WORK ORDER:
Write out the entries below exactly, but only from the line containing "あじには、筋肉や血液をつくるたんぱく質、脂質、ビタミン類などが含まれています。" through the line containing "Ein Drittel der", and without the pictures.

EXERCISE MATERIALS:
..........
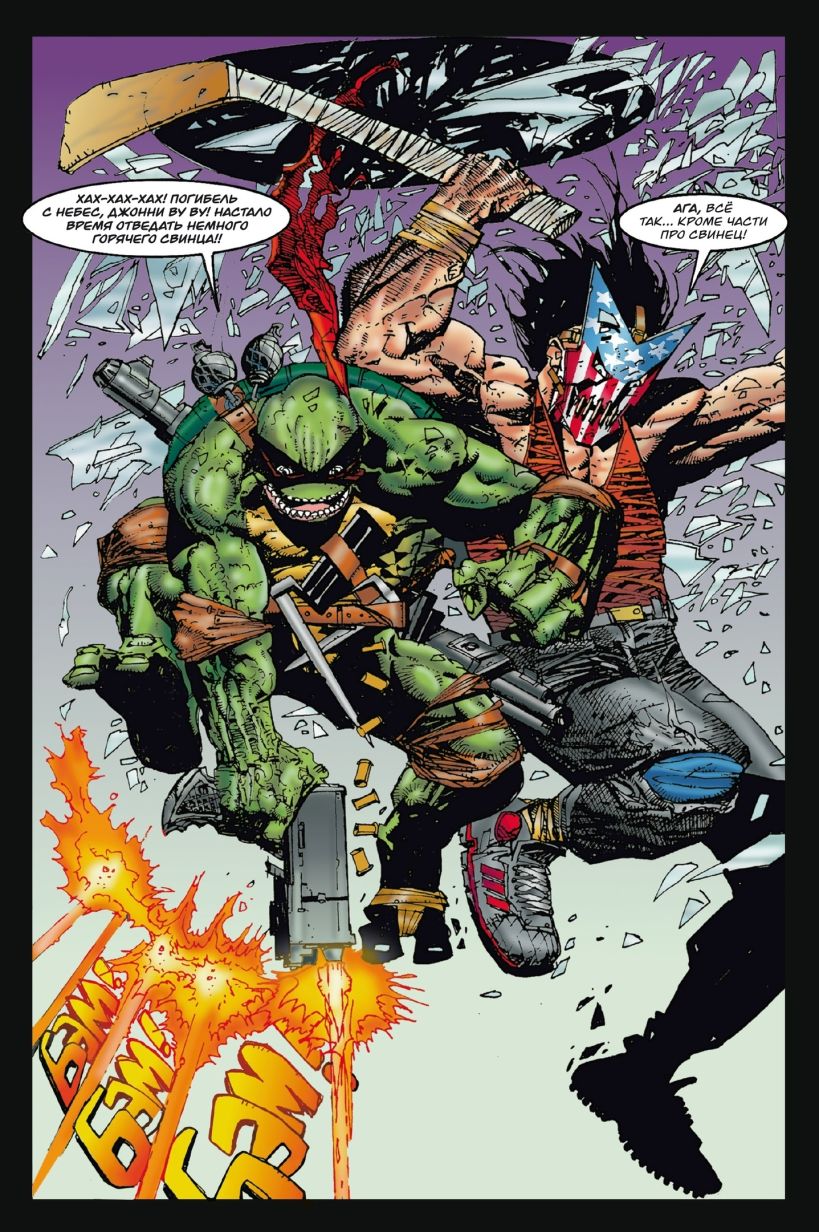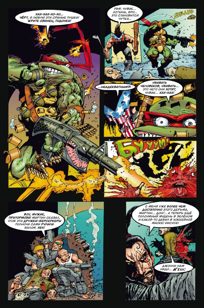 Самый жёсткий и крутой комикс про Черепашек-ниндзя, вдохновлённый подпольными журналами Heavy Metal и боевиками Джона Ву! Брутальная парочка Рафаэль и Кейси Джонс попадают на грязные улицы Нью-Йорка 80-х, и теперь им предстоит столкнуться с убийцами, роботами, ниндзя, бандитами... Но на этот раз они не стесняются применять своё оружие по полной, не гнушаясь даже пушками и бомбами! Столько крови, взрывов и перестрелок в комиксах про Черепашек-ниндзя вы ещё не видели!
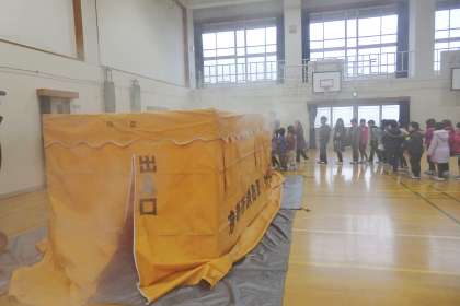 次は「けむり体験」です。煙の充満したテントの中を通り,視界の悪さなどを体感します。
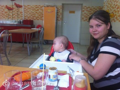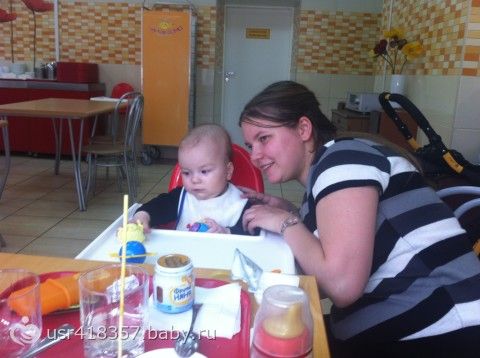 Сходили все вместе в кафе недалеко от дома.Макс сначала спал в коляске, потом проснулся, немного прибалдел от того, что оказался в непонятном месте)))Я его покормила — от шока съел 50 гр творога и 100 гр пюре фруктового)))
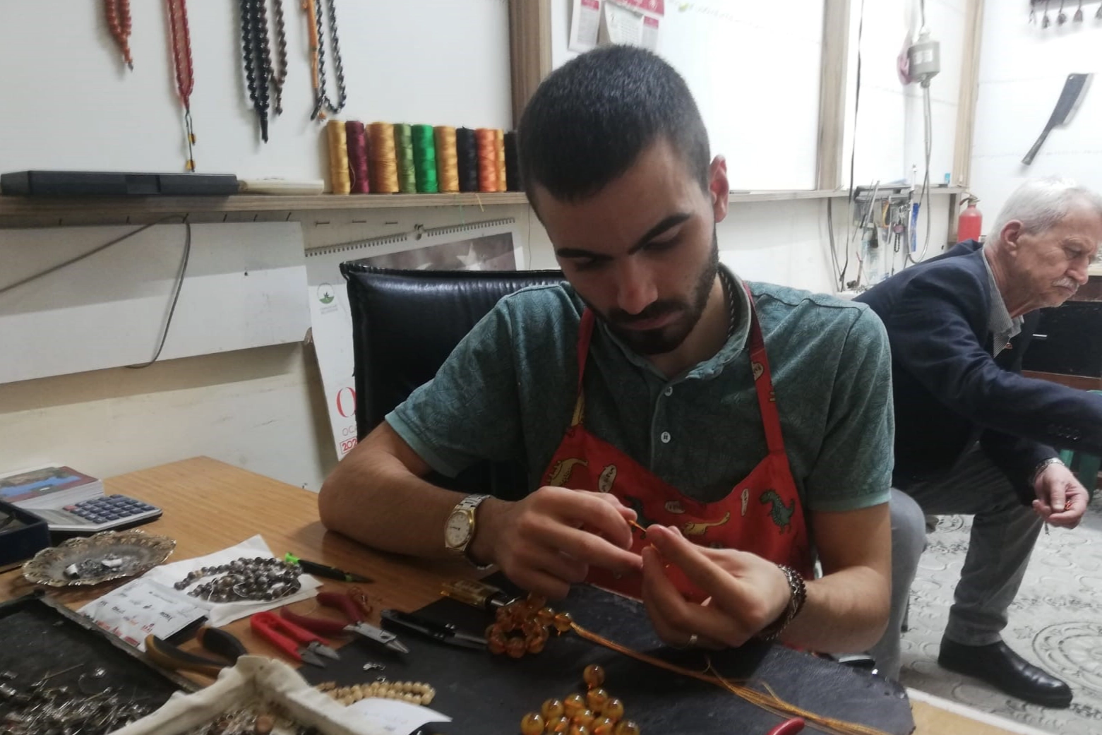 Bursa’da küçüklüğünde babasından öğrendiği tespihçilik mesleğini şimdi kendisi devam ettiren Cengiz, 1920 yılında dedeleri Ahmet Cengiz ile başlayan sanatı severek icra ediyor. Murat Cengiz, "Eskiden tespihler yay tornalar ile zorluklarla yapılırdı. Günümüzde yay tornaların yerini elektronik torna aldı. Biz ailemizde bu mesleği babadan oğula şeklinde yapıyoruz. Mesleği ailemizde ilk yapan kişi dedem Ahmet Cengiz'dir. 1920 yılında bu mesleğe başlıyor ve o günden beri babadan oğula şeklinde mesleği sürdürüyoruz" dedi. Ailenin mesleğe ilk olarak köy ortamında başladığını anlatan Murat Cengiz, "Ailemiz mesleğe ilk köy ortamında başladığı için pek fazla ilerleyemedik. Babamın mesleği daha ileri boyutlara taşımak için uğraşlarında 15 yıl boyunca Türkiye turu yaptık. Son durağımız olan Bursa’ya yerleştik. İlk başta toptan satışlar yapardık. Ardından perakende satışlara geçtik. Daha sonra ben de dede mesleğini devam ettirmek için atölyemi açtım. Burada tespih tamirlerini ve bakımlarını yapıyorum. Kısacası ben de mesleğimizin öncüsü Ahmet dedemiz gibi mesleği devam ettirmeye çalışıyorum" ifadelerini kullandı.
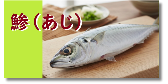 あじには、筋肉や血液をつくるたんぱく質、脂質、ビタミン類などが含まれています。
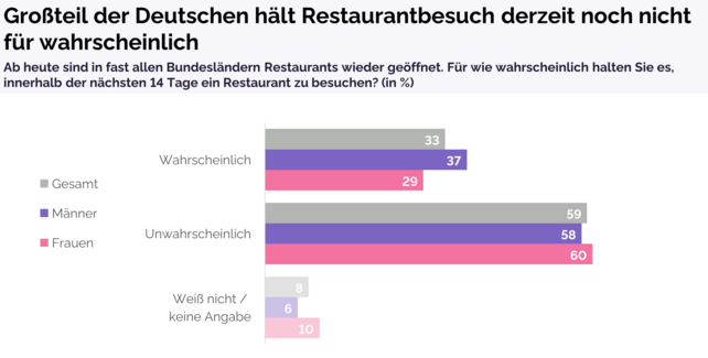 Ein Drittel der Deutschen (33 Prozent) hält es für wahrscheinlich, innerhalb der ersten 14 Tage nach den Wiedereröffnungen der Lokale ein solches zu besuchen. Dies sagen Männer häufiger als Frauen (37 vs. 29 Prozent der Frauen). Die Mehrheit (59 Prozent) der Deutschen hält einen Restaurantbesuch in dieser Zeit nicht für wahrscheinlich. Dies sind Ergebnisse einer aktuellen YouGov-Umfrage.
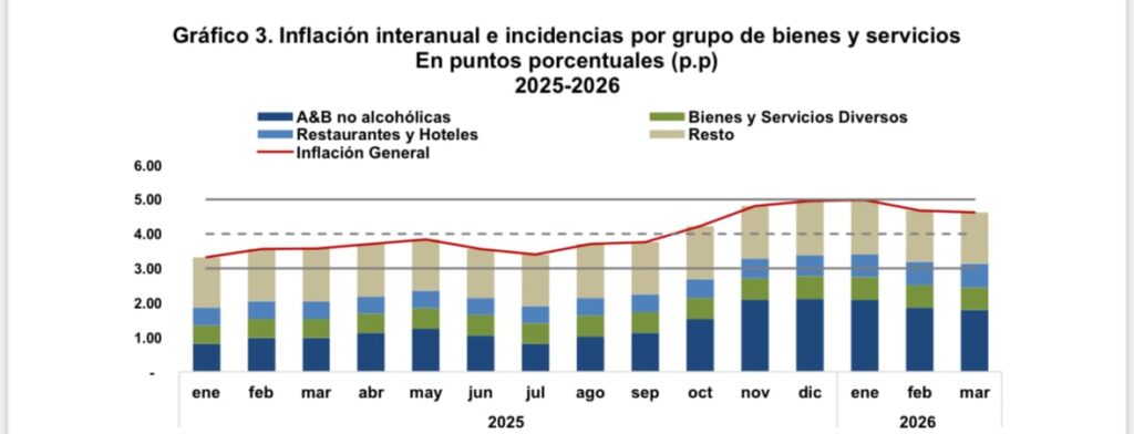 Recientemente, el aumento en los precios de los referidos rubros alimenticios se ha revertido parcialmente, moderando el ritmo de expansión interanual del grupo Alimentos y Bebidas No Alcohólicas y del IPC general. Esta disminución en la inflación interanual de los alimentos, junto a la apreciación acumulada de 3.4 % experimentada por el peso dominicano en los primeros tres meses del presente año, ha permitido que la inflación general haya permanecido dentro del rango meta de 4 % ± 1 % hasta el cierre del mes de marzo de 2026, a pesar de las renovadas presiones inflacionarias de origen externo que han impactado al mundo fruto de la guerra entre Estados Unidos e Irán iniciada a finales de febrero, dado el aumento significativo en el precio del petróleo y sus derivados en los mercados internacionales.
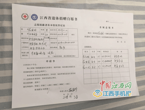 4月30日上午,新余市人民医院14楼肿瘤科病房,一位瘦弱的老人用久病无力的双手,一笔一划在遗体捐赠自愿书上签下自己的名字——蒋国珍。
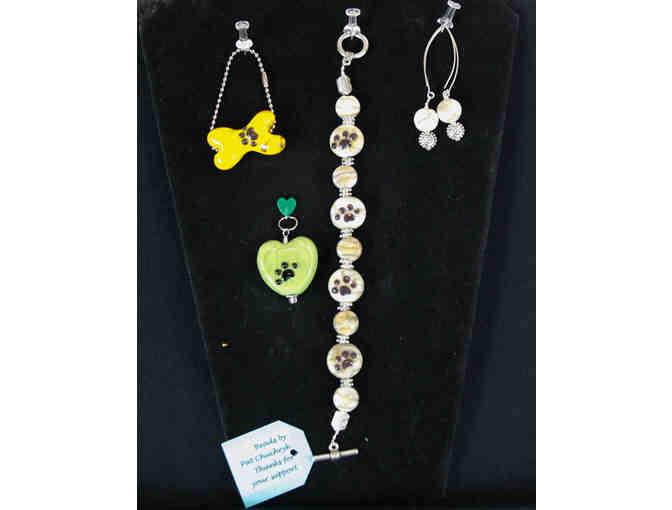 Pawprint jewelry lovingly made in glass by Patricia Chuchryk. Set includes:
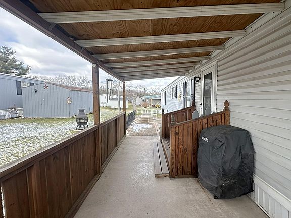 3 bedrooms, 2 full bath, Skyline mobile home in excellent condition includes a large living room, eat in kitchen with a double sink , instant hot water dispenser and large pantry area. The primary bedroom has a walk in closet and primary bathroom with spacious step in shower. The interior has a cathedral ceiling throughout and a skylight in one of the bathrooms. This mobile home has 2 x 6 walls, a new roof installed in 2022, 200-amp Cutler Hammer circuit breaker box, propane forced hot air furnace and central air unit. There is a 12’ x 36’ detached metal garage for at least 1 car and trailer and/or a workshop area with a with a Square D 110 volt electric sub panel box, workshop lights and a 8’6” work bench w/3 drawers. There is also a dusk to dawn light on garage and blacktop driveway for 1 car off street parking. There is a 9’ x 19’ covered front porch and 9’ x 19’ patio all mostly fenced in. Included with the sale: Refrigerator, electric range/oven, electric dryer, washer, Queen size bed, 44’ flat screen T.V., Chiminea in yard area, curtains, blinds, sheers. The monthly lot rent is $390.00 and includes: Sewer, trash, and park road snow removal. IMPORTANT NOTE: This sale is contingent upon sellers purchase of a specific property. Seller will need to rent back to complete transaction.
..........
EXERCISE SOLUTION:
 あじには、筋肉や血液をつくるたんぱく質、脂質、ビタミン類などが含まれています。
 Ein Drittel der Deutschen (33 Prozent) hält es für wahrscheinlich, innerhalb der ersten 14 Tage nach den Wiedereröffnungen der Lokale ein solches zu besuchen. Dies sagen Männer häufiger als Frauen (37 vs. 29 Prozent der Frauen). Die Mehrheit (59 Prozent) der Deutschen hält einen Restaurantbesuch in dieser Zeit nicht für wahrscheinlich. Dies sind Ergebnisse einer aktuellen YouGov-Umfrage.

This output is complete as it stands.